GOAL OF THE EXERCISE:
Your answer must be only the lines below from the one containing "Save rack space" through the one containing "Decolonization in a", copied exactly, with the pictures left out.

Items listed in a dataset:
-------

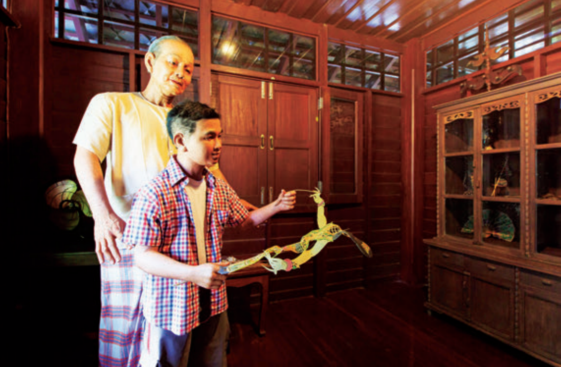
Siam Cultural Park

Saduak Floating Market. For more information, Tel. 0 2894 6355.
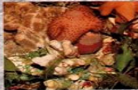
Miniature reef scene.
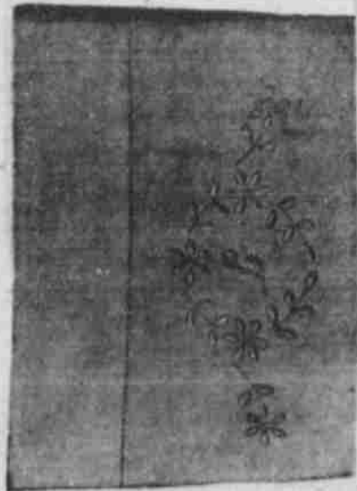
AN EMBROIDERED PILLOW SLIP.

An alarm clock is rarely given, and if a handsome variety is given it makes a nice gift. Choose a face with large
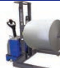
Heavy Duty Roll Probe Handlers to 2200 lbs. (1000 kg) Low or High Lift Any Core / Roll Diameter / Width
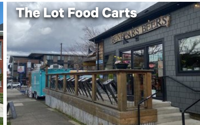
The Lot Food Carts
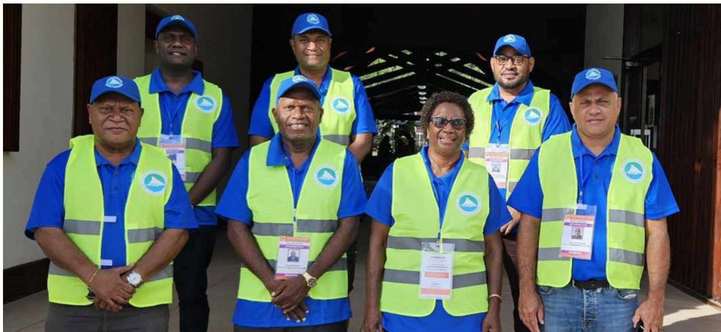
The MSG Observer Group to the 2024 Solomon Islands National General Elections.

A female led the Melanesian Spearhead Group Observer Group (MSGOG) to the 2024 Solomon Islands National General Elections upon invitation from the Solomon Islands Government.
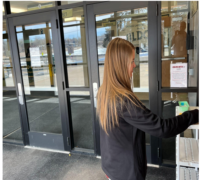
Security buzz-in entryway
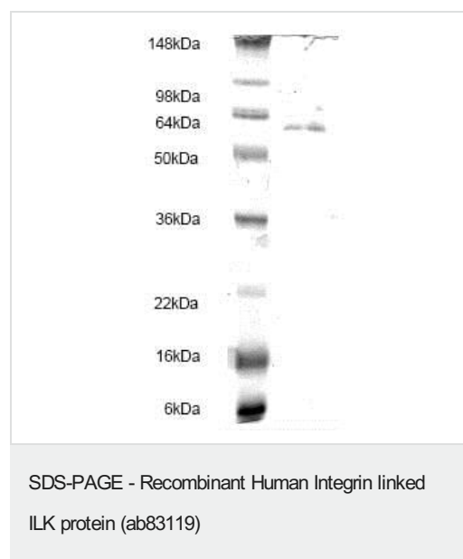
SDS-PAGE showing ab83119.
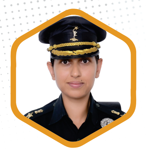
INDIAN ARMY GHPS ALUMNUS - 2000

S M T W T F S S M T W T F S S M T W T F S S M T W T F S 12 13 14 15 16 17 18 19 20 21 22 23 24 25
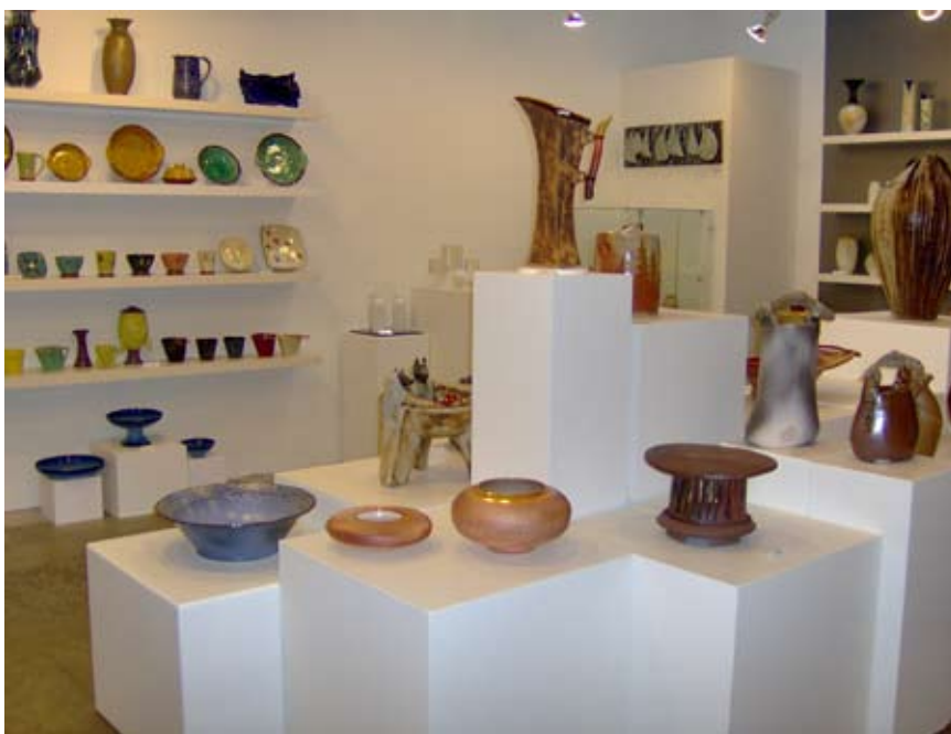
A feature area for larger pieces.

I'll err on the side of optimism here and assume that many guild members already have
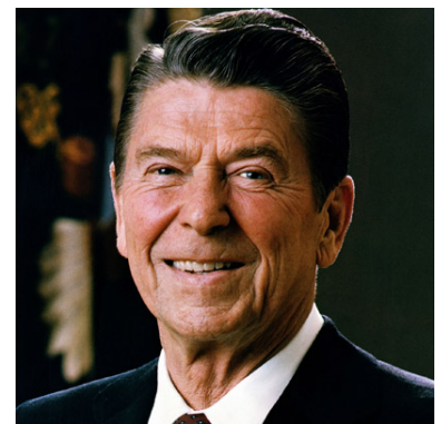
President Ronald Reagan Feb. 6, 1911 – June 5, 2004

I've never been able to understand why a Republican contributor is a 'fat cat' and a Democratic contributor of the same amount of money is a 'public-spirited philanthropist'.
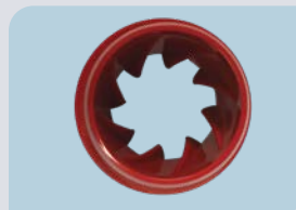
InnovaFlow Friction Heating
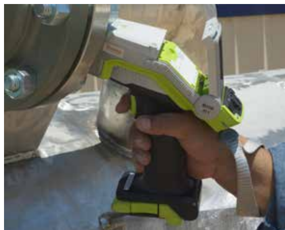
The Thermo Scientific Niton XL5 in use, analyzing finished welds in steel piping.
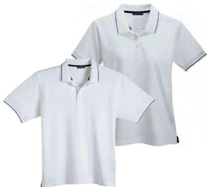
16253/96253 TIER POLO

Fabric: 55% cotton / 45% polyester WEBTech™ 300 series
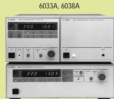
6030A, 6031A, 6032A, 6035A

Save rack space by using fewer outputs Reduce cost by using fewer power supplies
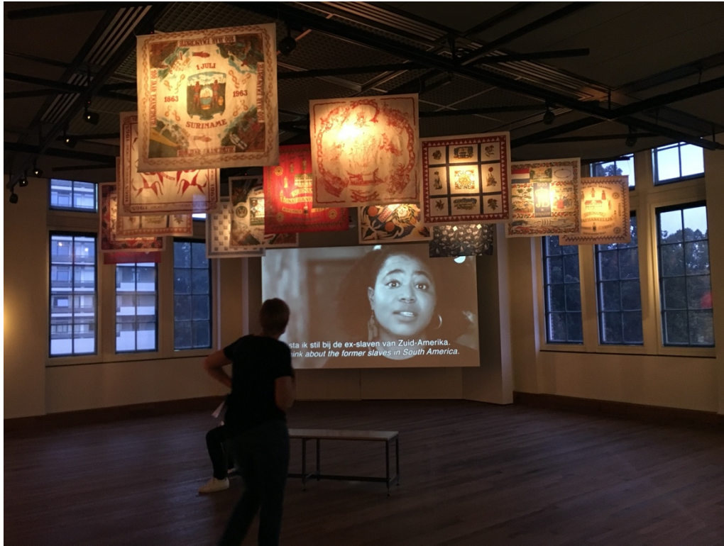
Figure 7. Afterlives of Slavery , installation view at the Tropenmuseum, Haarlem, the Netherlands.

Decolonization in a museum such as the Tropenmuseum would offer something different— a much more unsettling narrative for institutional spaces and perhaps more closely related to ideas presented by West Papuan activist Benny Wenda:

-------

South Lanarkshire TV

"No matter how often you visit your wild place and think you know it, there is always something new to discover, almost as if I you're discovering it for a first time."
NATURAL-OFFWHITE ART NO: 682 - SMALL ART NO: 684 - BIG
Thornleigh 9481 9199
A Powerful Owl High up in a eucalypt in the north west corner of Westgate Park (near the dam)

-------

FINISHED EXERCISE:
Save rack space by using fewer outputs Reduce cost by using fewer power supplies
Figure 7. Afterlives of Slavery , installation view at the Tropenmuseum, Haarlem, the Netherlands.

Decolonization in a museum such as the Tropenmuseum would offer something different— a much more unsettling narrative for institutional spaces and perhaps more closely related to ideas presented by West Papuan activist Benny Wenda:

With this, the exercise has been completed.